(Work required):
Transcribe exactly, and only, the lines that fall between the line containing "Для обслуживания гостей" and the last line of the material, both ends included, omitting any pictures.

· · · ·

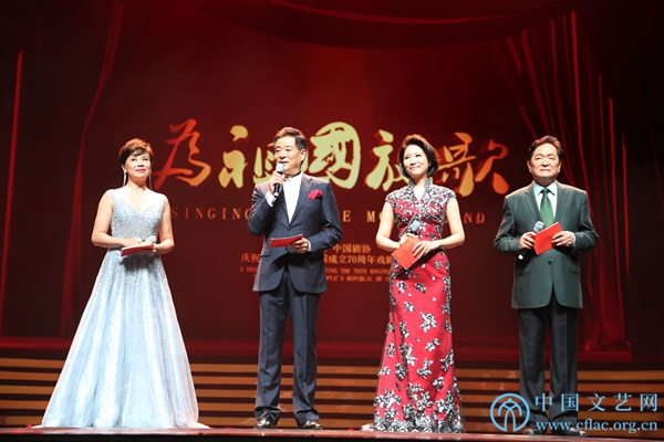 9月4日,由中国文学艺术界联合会、中国戏剧家协会联合主办的“为祖国放歌——中国文联、中国剧协庆祝中华人民共和国成立70周年戏剧晚会”在北京梅兰芳大剧院举行。图为国家一级演员、中国文联副主席、中国剧协主席、二度梅花奖获得者濮存昕,国家一级演员、中国剧协顾问、著名朗诵表演艺术家瞿弦和,国家一级演员、第10届梅花奖获得者王晓梅,中央广播电视总台央视主持人张喆主持晚会。中国文艺网 刘青摄
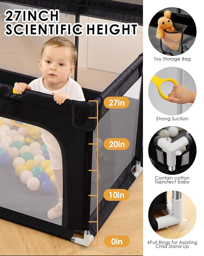 - Safety baby playpen: Playpens are made of resistant-duty encryption Oxford cloth material & strong fabrics net siding, BPA-free,,with 4 TPR suction cup bases are well strengthen the stability. Thicker sponge and soft cloth have been added to prevent children from being hit while playing. More safe more free.
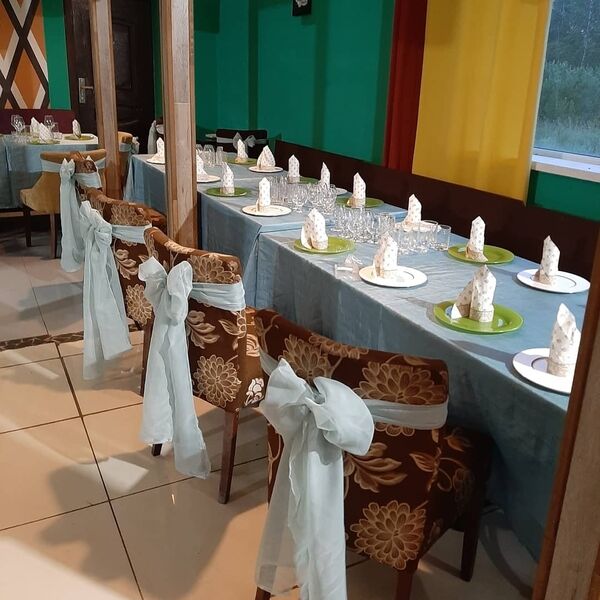 Для обслуживания гостей вне кафе работает платная служба доставки блюд и сервировки столов.
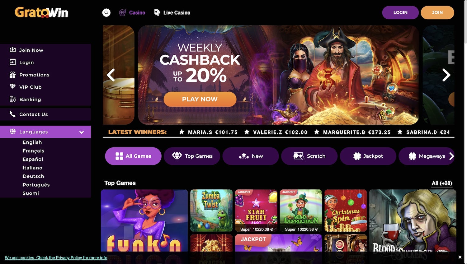La piattaforma si è guadagnata una reputazione per la sua ampia gamma di giochi e la navigazione intuitiva, e molti giocatori approdano sul sito quando cercano un'esperienza moderna e accessibile. Sia per i principianti che per i giocatori esperti, Gratowin mira a integrare un'interfaccia utente piacevole con una struttura di bonus competitiva e solidi partner software che garantiscono un'esperienza di gioco fluida su desktop e dispositivi mobili.
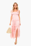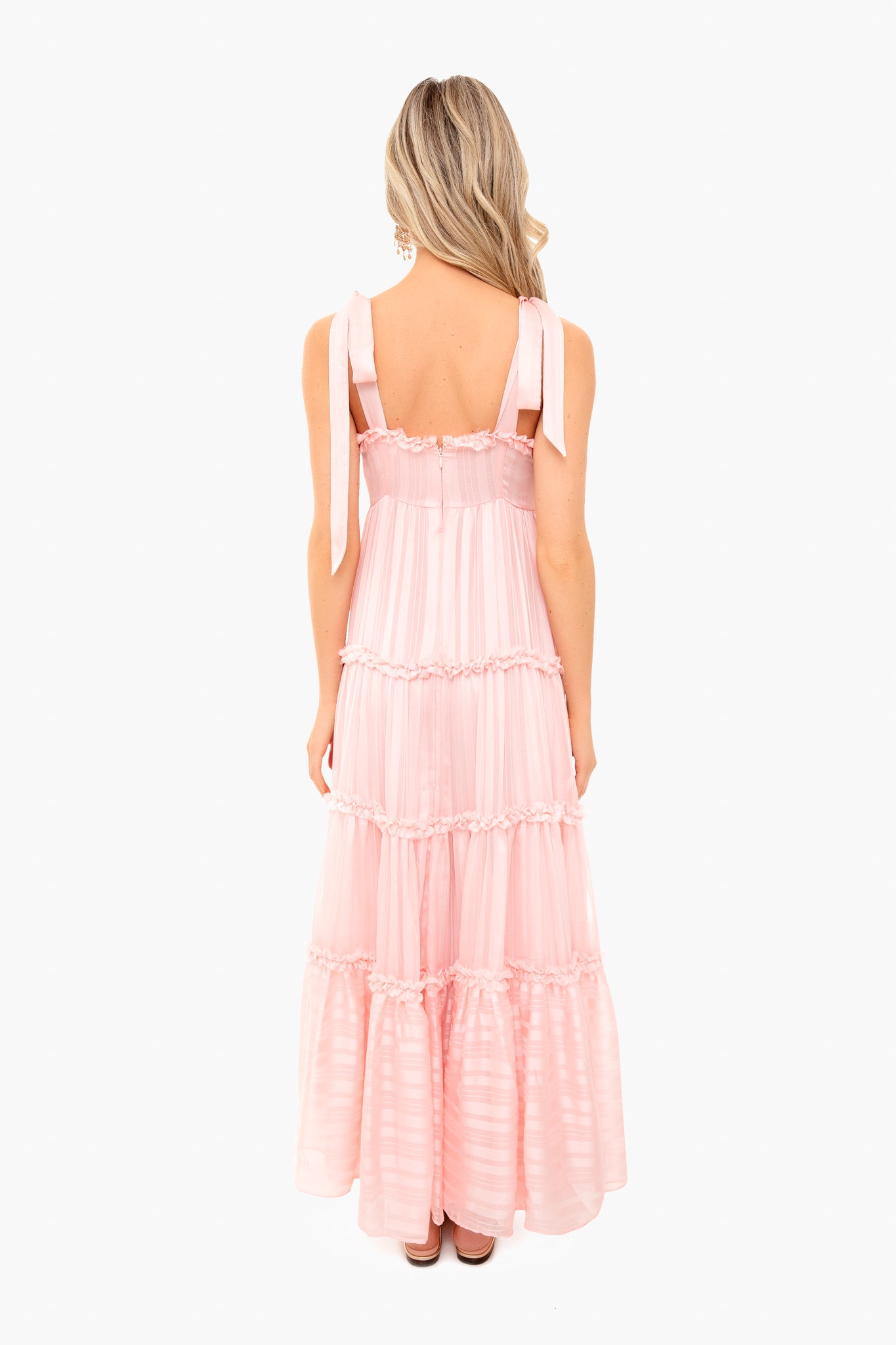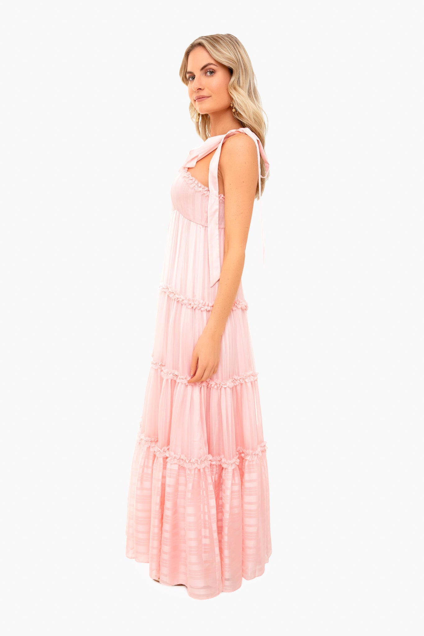 The Burrows Dress is made from iridescent striped fabric with elongated bows at the shoulders. Featuring shirred ruffle trim, a flattering empire waistline, and high slit, this gown is effortlessly romantic and glamorous. Pair with gold accessories for a glowing look!
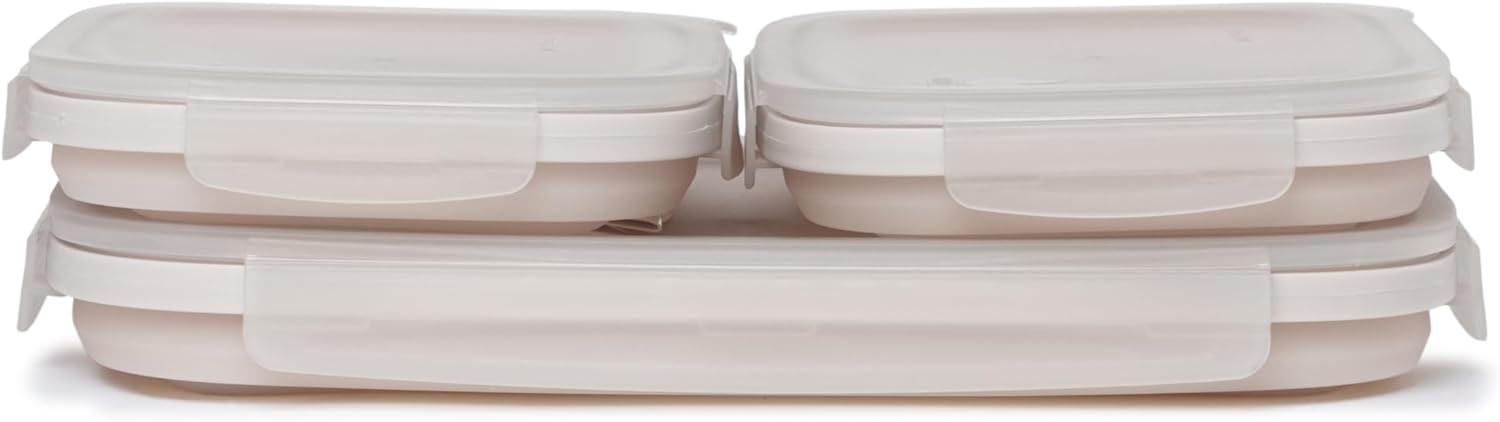 Drip EZ Secondz Collapsible Food Storage Containers (set of 3) - Meal Prep, Leftovers, Lunch, Camping, Hiking - Dishwasher & Microwave Safe - BPA-free Silicone - Locking Lids - Sandstone
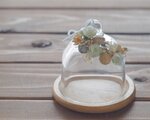 木の実などのドライ素材、ワイヤー、リボン、木製受け皿、ガラスドーム
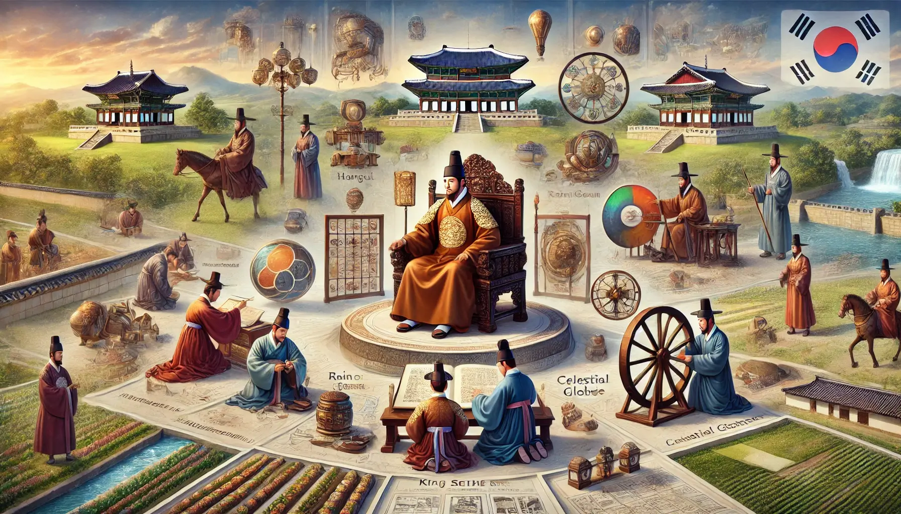 세종대왕은 1397년 태어나 1418년 조선의 4대 왕으로 즉위했습니다. 그는 학문과 예술을 장려하고, 국가의 기틀을 다지기 위해 많은 정책을 펼쳤습니다. 그의 업적 중 가장 중요한 것은 바로 한글의 창제입니다. 세종대왕은 학문을 사랑하고 백성을 아끼는 마음으로 여러 분야에서 큰 변화를 이끌었습니다.

· · · ·

(Response to the task):
 Для обслуживания гостей вне кафе работает платная служба доставки блюд и сервировки столов.
La piattaforma si è guadagnata una reputazione per la sua ampia gamma di giochi e la navigazione intuitiva, e molti giocatori approdano sul sito quando cercano un'esperienza moderna e accessibile. Sia per i principianti che per i giocatori esperti, Gratowin mira a integrare un'interfaccia utente piacevole con una struttura di bonus competitiva e solidi partner software che garantiscono un'esperienza di gioco fluida su desktop e dispositivi mobili.
 The Burrows Dress is made from iridescent striped fabric with elongated bows at the shoulders. Featuring shirred ruffle trim, a flattering empire waistline, and high slit, this gown is effortlessly romantic and glamorous. Pair with gold accessories for a glowing look!
 Drip EZ Secondz Collapsible Food Storage Containers (set of 3) - Meal Prep, Leftovers, Lunch, Camping, Hiking - Dishwasher & Microwave Safe - BPA-free Silicone - Locking Lids - Sandstone
 木の実などのドライ素材、ワイヤー、リボン、木製受け皿、ガラスドーム
 세종대왕은 1397년 태어나 1418년 조선의 4대 왕으로 즉위했습니다. 그는 학문과 예술을 장려하고, 국가의 기틀을 다지기 위해 많은 정책을 펼쳤습니다. 그의 업적 중 가장 중요한 것은 바로 한글의 창제입니다. 세종대왕은 학문을 사랑하고 백성을 아끼는 마음으로 여러 분야에서 큰 변화를 이끌었습니다.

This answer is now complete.